A few quick definitions before we get into the conversation:

Pinocchio is a Rust library for writing Solana programs with no external dependencies. The name comes from "no strings attached," a joke about the lack of dependencies. By rewriting the types a program needs from scratch, Pinocchio avoids the external dependencies conflicts that used to plague the solana-program crate, and along the way it opens up optimizations that are not possible when you're pulling in the full SDK.

Zero-copy account access means reading account data directly from the input buffer instead of deserializing it into owned types. For programs like the token program, where most instructions touch a small number of fixed-layout accounts, this avoids a huge amount of unnecessary work.

p-token is a reimplementation of SPL Token built on Pinocchio. It preserves the exact behavior of the original program, instruction by instruction and error by error, while cutting compute costs by an order of magnitude. SIMD-0266, which authorizes the upgrade, was approved on March 14, 2026. p-token also introduces three new instructions: Batch, WithdrawExcessLamports, and UnwrapLamports.

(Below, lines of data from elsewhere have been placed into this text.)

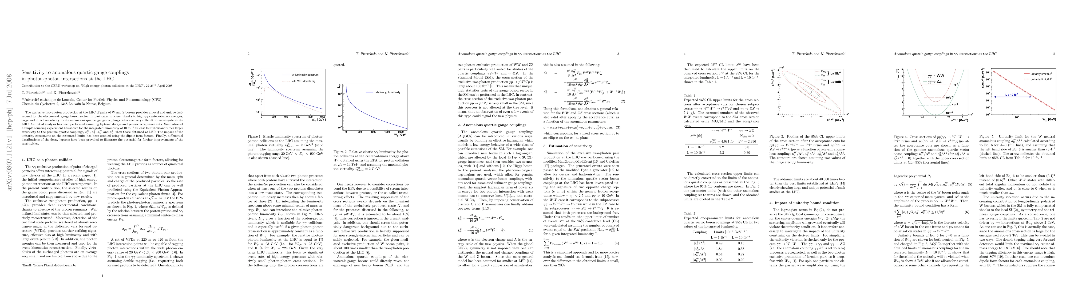 This research investigates the sensitivity to anomalous quartic gauge couplings in photon-photon interactions at the LHC, demonstrating significant potential for detecting these couplings through exclusive two-photon production of W and Z bosons, offering a more sensitive approach than previous LEP experiments. The study also explores the impact of unitarity constraints and provides differential distributions for decay leptons to enhance future sensitivity.
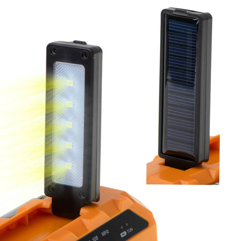 – Мултифункционално устройство, захранвано от собствена батерия, голям и ефективен соларен панел или зареждано от динамо
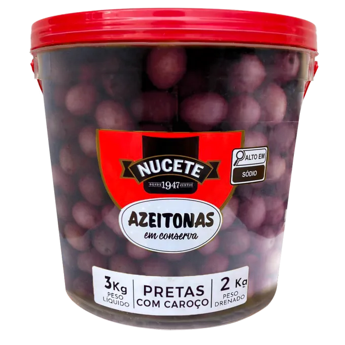 IngredientesAzeitona preta com caroço, salmoura (água e sal), acidulante ácido lático, antioxidantes: ácido cítrico e ácido ascórbico e conservador sorbato de potássio.
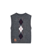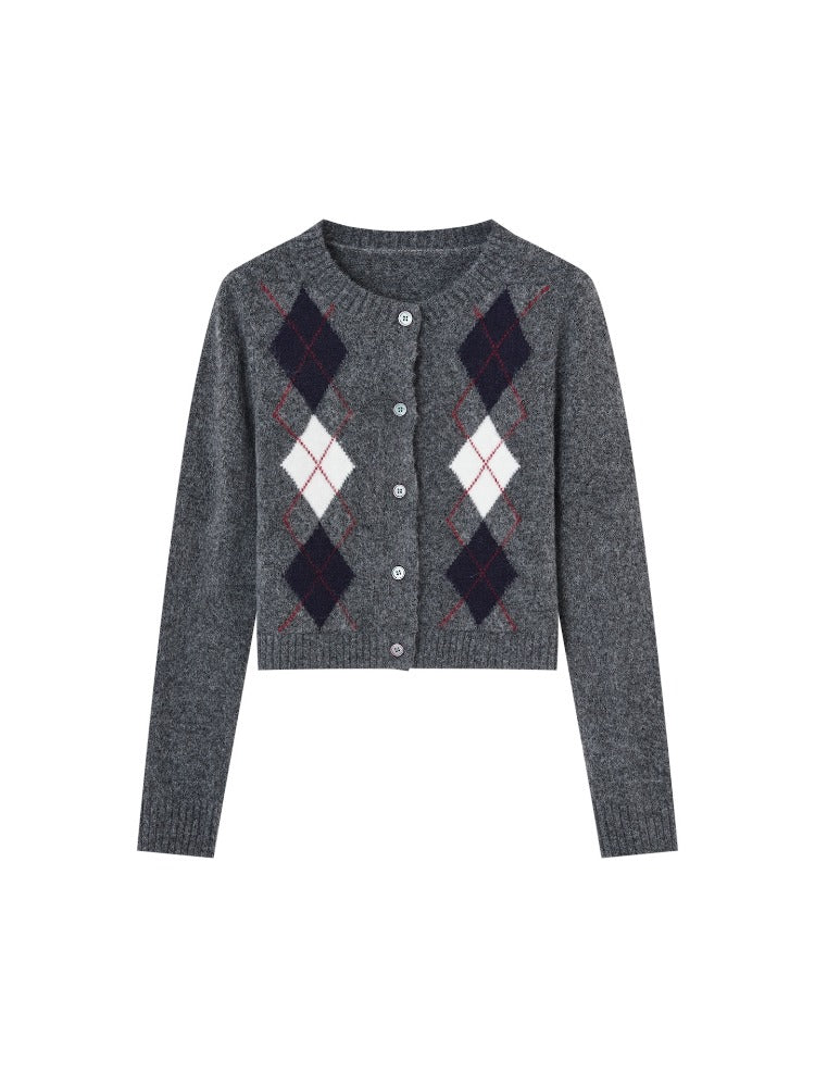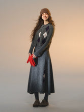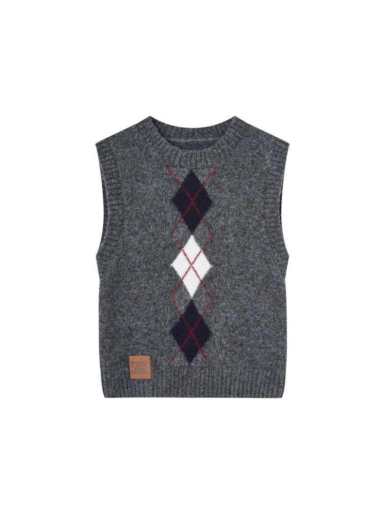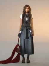 This coordinated set is crafted from two premium yarn blends for rich texture and dimension. The dark blue/red/white knit blend (42.6% acrylic, 30.7% polyester, 26.7% nylon) and the deep gray blend (62% acrylic, 33.7% polyester, 4.3% wool) provide a plush, cozy feel with durable stretch recovery. Featuring diamond quilting throughout, the vest, cardigan, and skirt can be styled together or separately for a versatile statement look. The soft-touch surface and structured knitting deliver both warmth and a refined silhouette ideal for autumn layering.
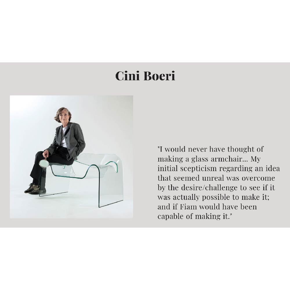 Cini Boeri is the designer of FIAM Ghost chair in curved glass, an icon of design worldwide and on display at Moma in New York.
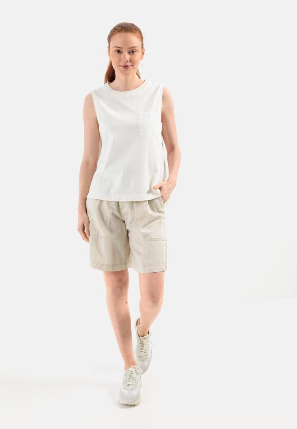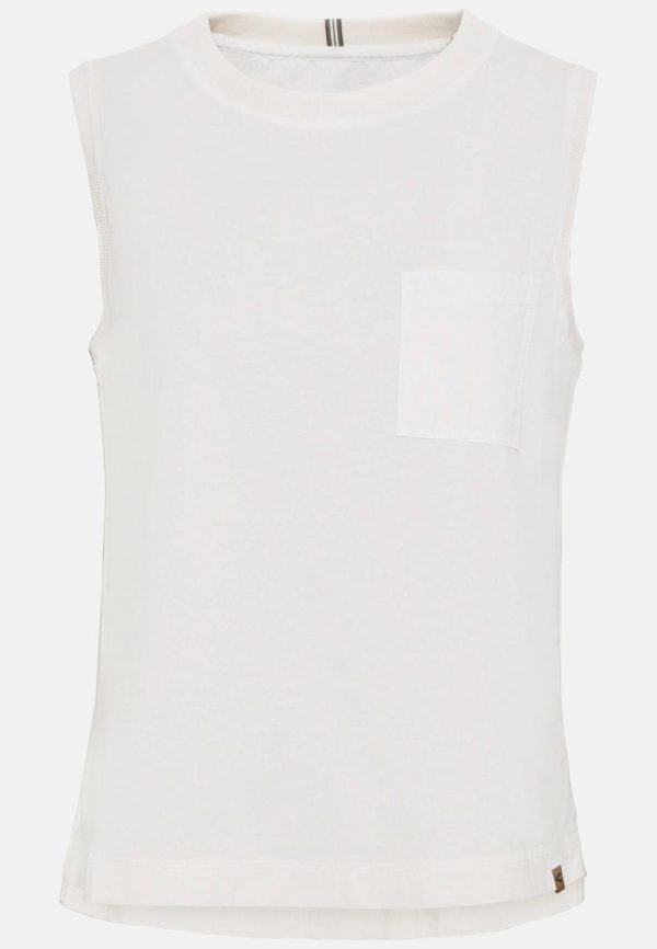 Elevate your casual wardrobe with this essential sleeveless tee that combines effortless style with everyday comfort. Crafted with premium cotton jersey in the front for superior softness and durable poplin fabric in the back for lasting wear, this versatile top offers the perfect balance of comfort and durability. The sporty-chic design features a convenient chest pocket and wide shoulder straps that provide both style and freedom of movement. Finished with the distinctive camel active brand label at the hem, this sleeveless tee delivers the perfect blend of athletic inspiration and casual sophistication.

What's new for developers: programs that use the token program for CPIs will see meaningful CU reductions automatically once p-token ships. Programs that adopt Batch can compress multiple token operations into a single CPI, paying one 1,000 CU base invocation fee instead of one per instruction. We've measured roughly 12 to 13 percent block space recovery from the p-token switch alone, and that figure does not yet account for the further gains from Batch.

Background and entry into Solana

Q: What was your path from academia into crypto and Solana? What convinced you to go all in, and how does your academic background still show up in your work?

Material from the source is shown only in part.